Now that Hezbollah has lost control of Lebanon’s parliament, the reformists, independents, and anti-Hezbollah forces in Lebanon’s newly elected parliament may be angling to take on the longstanding issue of the group’s weapons, analysts say. The Iran-backed Hezbollah political party is also the only militia to have not disarmed after the end of Lebanon’s 1975-1990 civil war, and its weapons cache reportedly outguns that of the national army.
Samir Geagea heads the Lebanese Forces and opposes fellow Christian, Michel Aoun, Lebanon’s president, and his alliance with Hezbollah. Geagea’s party won 19 parliamentary seats in a recent election that saw Hezbollah lose its majority in Lebanon’s parliament.
Geagea recently urged opposition groups, independents, and small parties to work together “to activate this opposition after it has become the majority in parliament,” in remarks noted by Lebanon’s National News Agency.

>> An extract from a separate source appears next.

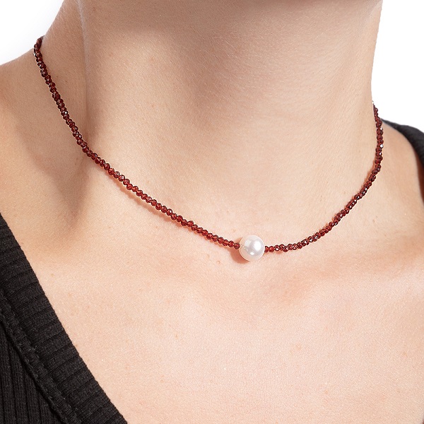Колье из серебра с жемчугом и шпинелью

Geagea campaigned on sovereignty issues and seeing Hezbollah disarmed. Speaking to the French news agency, AFP, Geagea said, “All strategic decision making should return to the Lebanese state, and security and military matters should be handled exclusively by the Lebanese army. No one, he said, should be able to transport missiles from one place to another without the permission and knowledge of the military” – a reference to Hezbollah.
Habib Malik of the Lebanese American University told VOA that he sees the anti-Hezbollah forces in the new parliament potentially taking on the controversial issue of Hezbollah’s insistence of keeping its weapons.
“The unlawful arms of Hezbollah,” he said. “This new parliament should never be used as a means to legitimize Hezbollah’s arms. That was one of their aims. And it’s not going to happen right now because there (are) enough votes to block that.
Similarly, anti-Hezbollah MPs should get together to press for Lebanon’s neutrality. This weapon that Hezbollah wields all the time by accusing people right and left of being a Zionist agent whenever they did disagree with them—this accusation of treason needs to be pointed out as well.”
Recently, Hezbollah leader Hasan Nasrallah tried to argue that with the many challenges engulfing Lebanon, including a finance meltdown and difficulties with food, medicine, and fuel supplies, he urged for “postponing” discussion of Hezbollah’s weapons for a further two years.
Baria Alamuddin, writing in the Saudi Arab News newspaper, called it “an interesting change of tone from Hezbollah’s usual threats to engulf the region in flames before relinquishing its arms.”
Still, Dania Koleilat Khatib with the Issam Fares Institute at the American University of Beirut, told VOA that perhaps not all the new MPs, including those of the opposition protest groups, will want to deal with disarming Hezbollah.
“Some people of the protest groups would say: ‘Let us leave the issue of Hezbollah for now and let us focus more on corruption,'”Khatib said. “So, let us leave the issue of the arms of Hezbollah’s which is bigger than us and it will [lead] us to fight with each other and let us focus on how we can have electricity, jobs. Let’s hope they will come to something realistic and act like one bloc.”
Blacklisted as a terrorist group by the United States and other Western countries, Hezbollah supporters say it defends Lebanon against Israel. But opponents argue that Hezbollah undermines the state on security matters and exposes Lebanon to costly disputes, with the Iran-backed militia deploying fighters and weapons across the Middle East.